Wie es um die Boswellia-Bestände in Ostafrika steht, haben nun Frans Bongers von der Universität Wageningen und sein Team untersucht. Für ihre Studie analysierten sie Alter und Zustand von 23 Beständen mit mehr als 20.000 Bäumen der Art Boswellia papyrifera in Eritrea, Äthiopien und im Sudan. „Diese Boswellia-Art ist seit den 1990er der Hauptlieferant für Weihrauch weltweit“, berichten die Forscher. „Sie macht zwei Drittel der Gesamtproduktion aus.“
Überalterte Bestände, drohender Kollaps
Das erschreckende Ergebnis: „Wir fanden Belege für einen Populationskollaps bei Boswellia papyrifera im gesamten geografischen Verbreitungsgebiet“, berichten Bongers und sein Team. „In mehr als 75 Prozent der untersuchten Bestände gibt es schon seit Jahrzehnten keine natürliche Regeneration mehr.“ Wie die Forscher feststellten, wachsen keine Keimlinge mehr heran, so dass es an jungen Bäumen fehlt.
Als Folge sind die Boswellia-Bestände überaltert – und könnten in naher Zukunft komplett kollabieren. „Alle unsere Modellprojektionen ergaben einen rapiden Schwund der Populationen in den kommenden Jahrzehnten“, berichten die Wissenschaftler. „In 15 Jahren könnten die Bestände um 50 Prozent zurückgegangen sein, in 25 Jahren um 71 Prozent.“ Nach Ansicht von Bongers und seinen Kollegen ist die Bedrohung für die Boswellia-Bäume damit groß genug, um diese Art in die Rote Liste der bedrohten Arten aufzunehmen.
Drastischer Einbruch der Weihrauchproduktion
Für die Weihrauch-Ernte bedeutet dies: Es könnte bald Nachschubmangel herrschen. „Die Weihrauchproduktion wird in den nächsten Jahrzenten in allen außer einer Population drastisch und schnell einbrechen“, prognostizieren die Wissenschaftler.

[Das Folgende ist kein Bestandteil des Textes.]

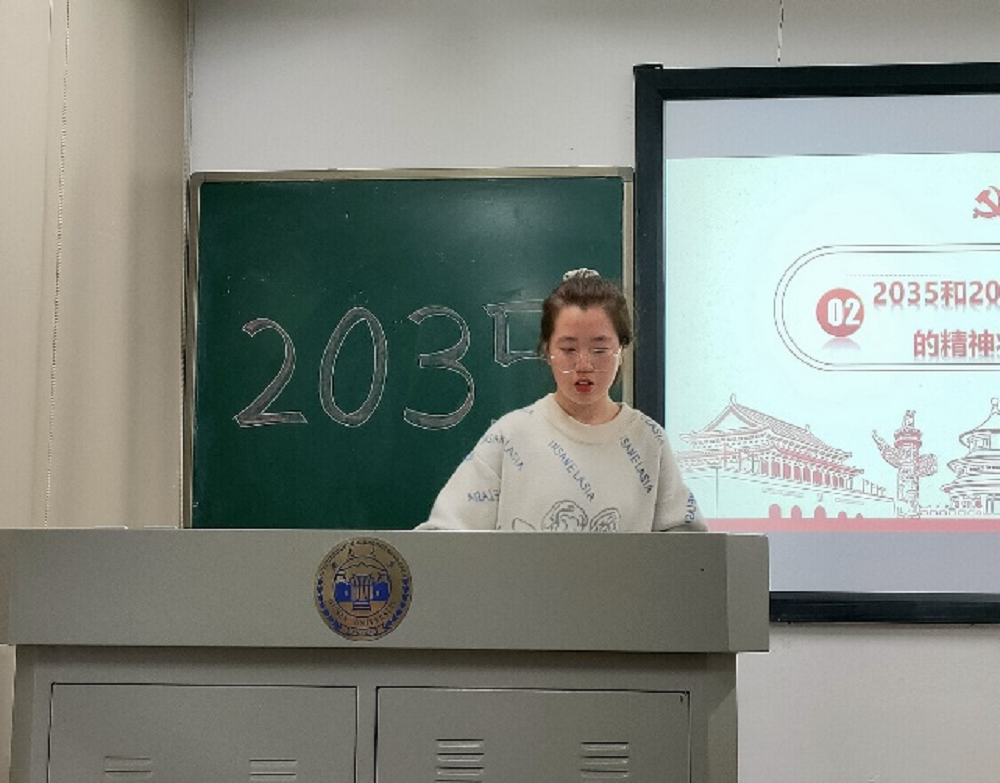 首先,团支书刘宇彤同学为大家引入2035年远景目标与当代青年的密切联系,并先后介绍四个主要部分:“六个讲清楚”、2035和2050青少年应有的精神状态和担当、十九届五中全会精神、习近平总书记考察欧美av
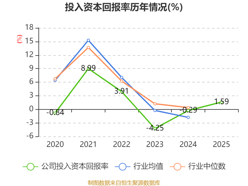 数据显示,2025年公司加权平均净资产收益率为-1.34%,较上年同期上升3.05个百分点。公司2025年投入资本回报率为1.59%,较上年同期上升1.88个百分点。

Als Folge wird die Weihrauchmenge schon in knapp 20 Jahren um 50 Prozent gesunken sein.
Als Hauptursache für den Rückgang der Bestände und den fehlenden Nachwuchs sehen die Forscher eine Übernutzung der Baumbestände durch eine zu starke Beweidung der Plantagen durch Vieh. Denn dieses frisst die Keimlinge ab und verhindert so das Nachwachsen junger Bäume. Hinzu kommt jedoch auch eine erhöhte Mortalität der ausgewachsenen Boswellia-Bäume. Hauptgrund dafür: „Die Boswellia-Bäume werden aktuell viel häufiger getapped als früher – mit dramatischen Konsequenzen für Samenproduktion und Überleben der Bäume“, so Bongers und sein Team.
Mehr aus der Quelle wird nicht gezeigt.